What the Bible says about...


Marriage In Heaven


Heaven Should Be Happy

Everyone knows that heaven is supposed to be filled with happiness. David wrote in the Psalms, “In Your presence is fullness of joy; at Your right hand are pleasures forevermore” (Psalm 16:11). Some people have wondered whether the joy of heaven includes married partners continuing their relationship.

Obviously, some marriages are very happy and some are unhappy. Some people marry for true love and some for convenience, wealth or pleasure. Some are together because they have chosen each other and wish with all their hearts to be of one mind and share their whole life with each other, while others are together because their families have arranged it or circumstances have pressured them.

Since marriages vary so much, part of the answer about whether marriages will continue in the next life is another question: What kind of marriages are we talking about?

The Sadducees’ Question

When the Sadducees asked Jesus about marriage in the next life, part of His answer was, “In the resurrection they neither marry nor are given in marriage” (Matthew 22:23-33, Mark 12:18-27, Luke 20:27-40). Some people have taken this to mean that all marriages end with death and that people in heaven are stripped of all sexuality and love for their partners. In fact, these are unwarranted conclusions. Jesus says that in the resurrection we become as the angels, but He never says that angels are single or asexual, genderless beings. When we look more carefully at Jesus’ words we can see that He never said that true love ends with death.

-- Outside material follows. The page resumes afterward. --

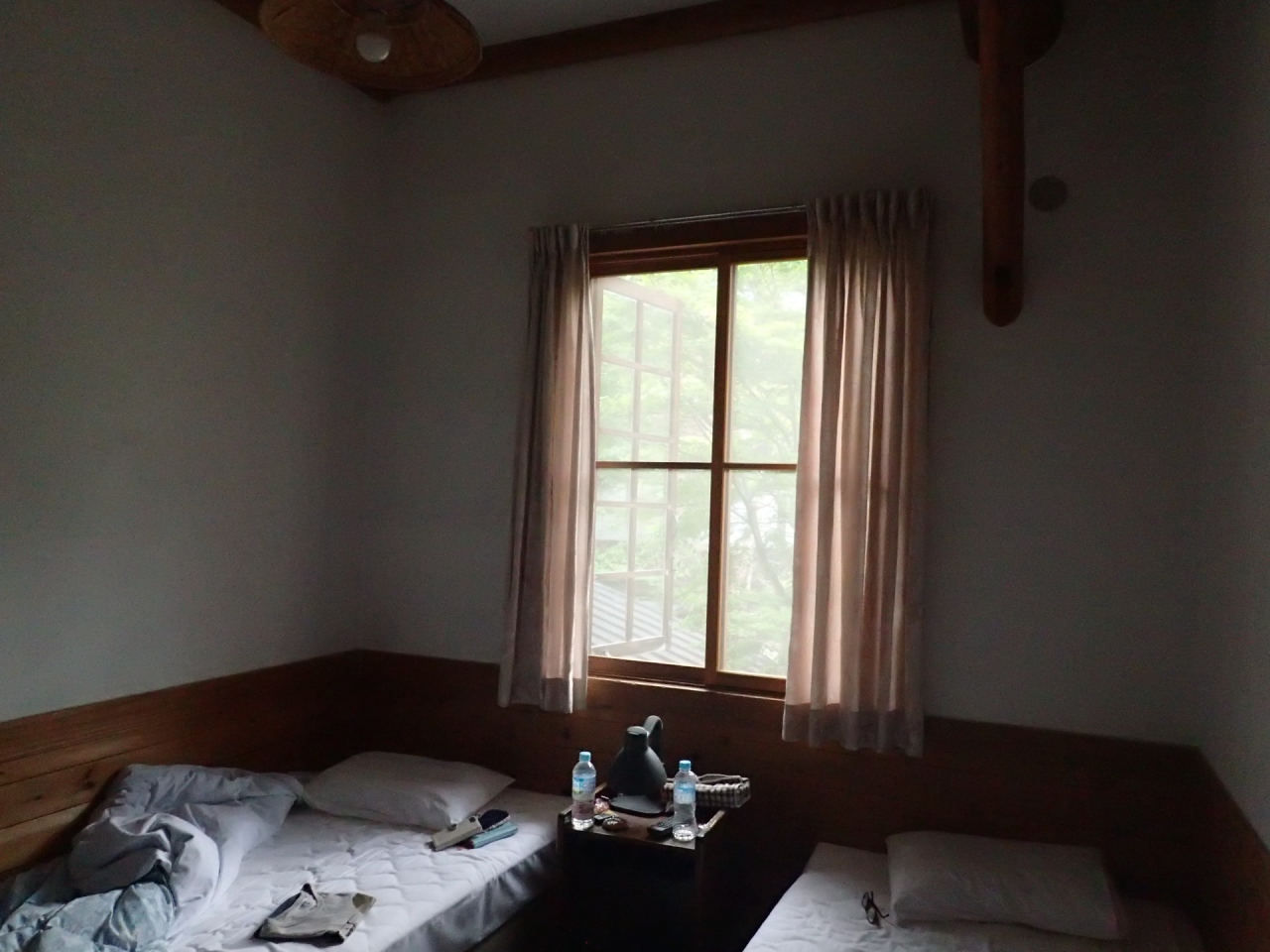 昔からある古い山小屋風ペンションです。太い丸太張りの天井がとても雰囲気がありました。食事がオイルフォンデュと焼魚とお豆腐でした。量は十分でしたが、料理は殆ど手が加えられておらずが物足りなさを感じました。夜は今回の旅で一番よく眠れました。

The Sadducees who asked this question were not sincerely looking for an answer, but looking for a way to embarrass Jesus. They did not believe in life after death, and so they tried to contrive a question about life after death that Jesus would not be able to answer. This was not a question from a loving husband, “Will I be with my wife in paradise?” It was not even about that kind of love and marriage. The Sadducees were not asking about normal marriage or marrying for love, but a legal arrangement called a “levirate marriage” that was solely for providing offspring for a man who died childless. Mosaic law provided that when a married man died without offspring his brother could marry the widow and father a child who would then inherit the dead brother’s name and possessions (Deuteronomy 25:5-6). In this marriage arrangement the living brother was simply becoming a surrogate father to provide a son for his dead brother. One would hardly expect this kind of arrangement to exist in heaven, where there is no concern for either material inheritance or physical offspring.

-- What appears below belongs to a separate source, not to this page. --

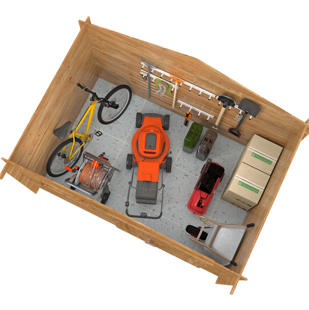 Rectangular outdoor shed, total height 217 cm, with optional floor (this can be added via the drop-down menu).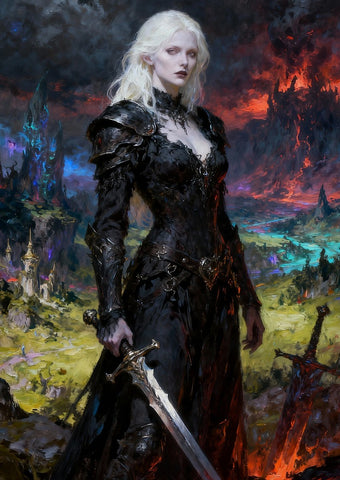 The Weapon of Rule: She holds a large, finely detailed sword with a broad, polished blade, resting it with a firm grip in front of her. Near her feet, a large rusted sword is driven into the ground beside a glowing red source, symbolizing the fiery reign of iron and ruin.

Another indication that Jesus was speaking specifically of the “levirate marriage” as not existing in heaven is the way He said that those in the resurrection are not given in marriage “nor can they die any more” (Luke 20:35-36). There is no reason why immortality (not dying any more) should stop someone from being married, so it would be to say the least rather cryptic to say “they don’t marry because they don’t die.” A “levirate marriage” on the other hand could only take place after the death of the former brother, so there would be no reason to have that kind of marriage in the next life when no one dies.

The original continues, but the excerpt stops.